- [Data excerpt]:

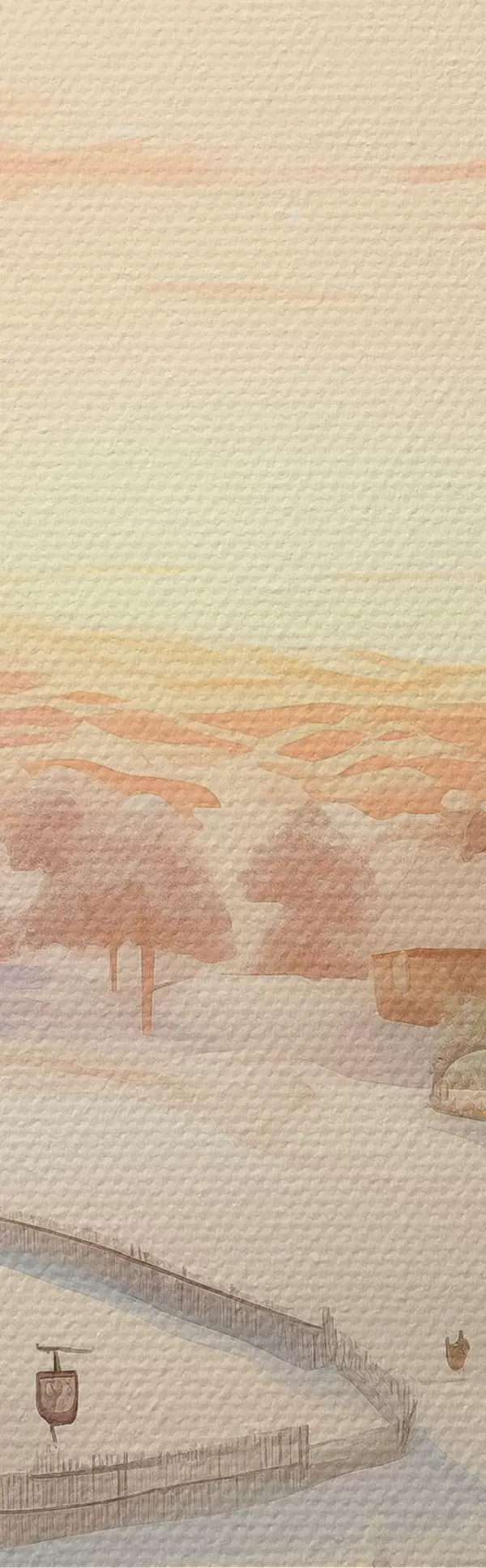 carta da parati Villaggio invernale al tramonto, case coperte di neve e pini nr. s41380
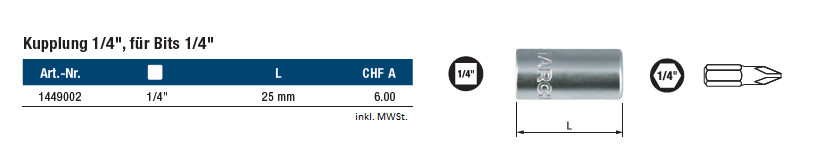 Kupplung STARCH 1/4" für Bits 1/4", Chrom-Vanadium-Stahl matt satiniert 25mm
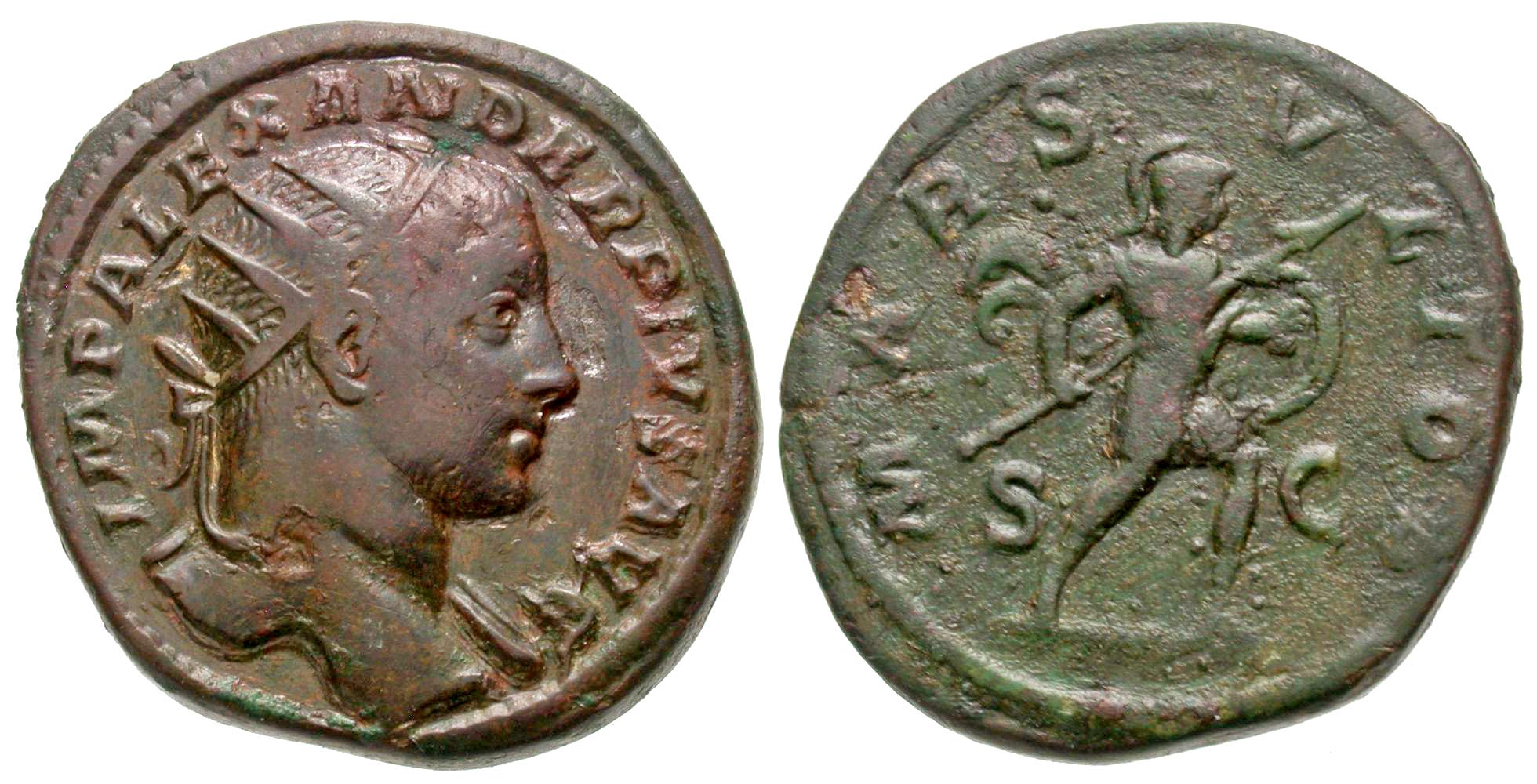 Severus Alexander. A.D. 222-235. AE dupondius (26.3 mm, 11.94 g, 1 h). Rome mint, Struck A.D. 232. IMP ALEXANDER PIVS AVG, Radiate bust of Severus Alexander right, drapery on left shoulder / MARS VL[T]O[R], Mars in helmet and full armor hustling right, holding spear and shield; S - C. RIC IV 636; C 164; SRCV 8031. VF, well struck in good style on full-size, round flan; obverse shows some evidence of amateur "smoothing" of the green/brown patina, reverse is undisturbed olive patina.

- [Work instruction]: Transcribe every line from the one containing "matt satiniert 25mm" to the end of the listing, exactly and exclusively. Do not carry any picture over.

- [The completed task]:
 Kupplung STARCH 1/4" für Bits 1/4", Chrom-Vanadium-Stahl matt satiniert 25mm
 Severus Alexander. A.D. 222-235. AE dupondius (26.3 mm, 11.94 g, 1 h). Rome mint, Struck A.D. 232. IMP ALEXANDER PIVS AVG, Radiate bust of Severus Alexander right, drapery on left shoulder / MARS VL[T]O[R], Mars in helmet and full armor hustling right, holding spear and shield; S - C. RIC IV 636; C 164; SRCV 8031. VF, well struck in good style on full-size, round flan; obverse shows some evidence of amateur "smoothing" of the green/brown patina, reverse is undisturbed olive patina.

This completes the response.